Oracles Java runtime does not include encryption algorithms required by Kerberos due to U.S. export regulations. You must download the JCE extension and install it manually. Follow the instructions in the package which are the same for Linux and Windows.

The same applies to the JRE/JDK from IBM and the Open JDK, downloads are available.

Server certificates

For HTTPS communication the Apache server is using a certificate. Make sure that the Certificate Authority (CA) of the server certificates is trusted by Java. As an alternative add the CA in the Subversion servers, parameter: ssl-authority-files.

Prepare and test the domain account

Important: The password for the domain account should never expire/changed, otherwise a keytab must be re-created.

Linux

That the domain account is not compromised because the credentials are saved in clear text somewhere in the file system Kerberos is using a keytab file. In this file the domain credentials are stored encrypted. The keytab can be created by your domain administrator. When you have the password for the account you also can create the keytab by yourself. Here is the procedure:

$ ktutil
ktutil: addent -password -p JenkinsAccount@DOMAIN.ORG -e RC4-HMAC -k 1
Password for JenkinsAccount@DOMAIN.ORG: xxxxxx
ktutil: wkt JenkinsAccount.keytab
ktutil: q

Let’s have a look to the content of the keytab:

$ klist -kte JenkinsAccount.keytab
Keytab name: FILE: JenkinsAccount.keytab
KVNO Timestamp           Principal
---- ------------------- ------------------------------------------------------
   1 03/18/2017 18:38:28 JenkinsAccount@DOMAIN.ORG (arcfour-hmac)

Use the keytab file to test the authentication, run the following command:

$ kinit -kt JenkinsAccount.keytab JenkinsAccount@DOMAIN.ORG

When the run was successful (no output) let’s have a look to the created TGT:

$ klist
Ticket cache: DIR::/run/user/1000/krb5cc/tkt
Default principal: JenkinsAccount@DOMAIN.ORG

Valid starting       Expires              Service principal
03/19/2017 15:59:30  03/20/2017 01:59:30  krbtgt/DOMAIN.ORG@DOMAIN.ORG
        renew until 03/20/2017 15:59:30

Test the access to the Subversion repository with a native Subversion client.

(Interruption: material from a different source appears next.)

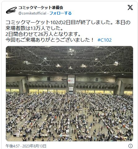 コミケ99~101は、新型コロナウイルスの感染拡大の影響で、来場者の人数を制限したが、コミケ102では人数制限を廃止。入場に関する規制が大幅に緩和された。会場内の安全確保を目的とした人数制限対策は継続し、一日あたり十数万人の来場を見込んでいる。13日まで。

If no TGT is available run:

$ kinit -kt JenkinsAccount.keytab JenkinsAccount@DOMAIN.ORG

Try to get the repository info:

$ svn info https://svn.organization.org/repos/HelloWorld/trunk
Path: trunk
URL: https://svn.organization.org/repos/HelloWorld/trunk
Relative URL: ^/trunk
Repository Root: https://svn.organization.org/repos/HelloWorld
Repository UUID: bd8deff7-301f-404f-b90d-11f05c129706
Revision: 309
Node Kind: directory
Last Changed Author: JenkinsAccount@DOMAIN.ORG
Last Changed Rev: 309
Last Changed Date: 2016-11-13 18:52:10 +0100 (Sun, 13 Nov 2016)

Windows - domain member

For the slave on a domain computer just try to login to the build machine. Run a svn info to check the access to the repository and that the certificate is accepted.

TGT accessibility
By default, Windows does not allow the session key of a TGT to be accessed. Please add the following registry key on the client side, so that the session key for TGT is accessible and Java can use it to acquire additional service tickets.

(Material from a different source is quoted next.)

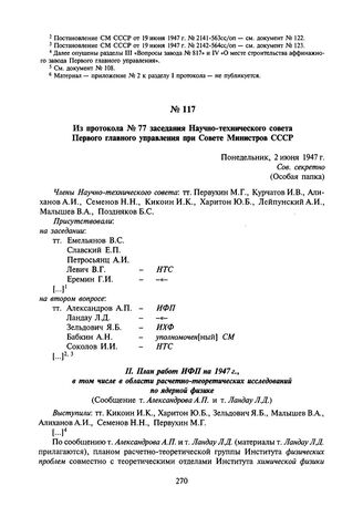Из протокола № 77 заседания Научно-технического совета Первого главного управления при Совете Министров СССР. 2 июня 1947 г.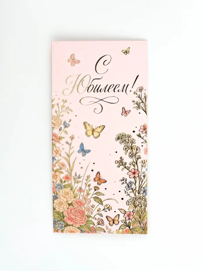 Конверт для денег "С Юбилеем!", цветы, тиснение, 16,5 х 8 см

When this is not compliant with the security regulation of your company configure the build client in the same way like the standalone client.

For Windows XP and Windows 2000, the registry key and value should be:

HKEY_LOCAL_MACHINE\System\CurrentControlSet\Control\Lsa\Kerberos
Value Name: allowtgtsessionkey
Value Type: REG_DWORD
Value: 0x01

For Windows 2003 and Windows Vista, the registry key and value should be:

HKEY_LOCAL_MACHINE\System\CurrentControlSet\Control\Lsa\Kerberos\Parameters
Value Name: allowtgtsessionkey
Value Type: REG_DWORD
Value: 0x01

Windows - standalone

The keytab should be created by the domain admin. Run the following commands to test the validity of the file. Both programs are part of the Java Runtime, do not use the klist program of Windows.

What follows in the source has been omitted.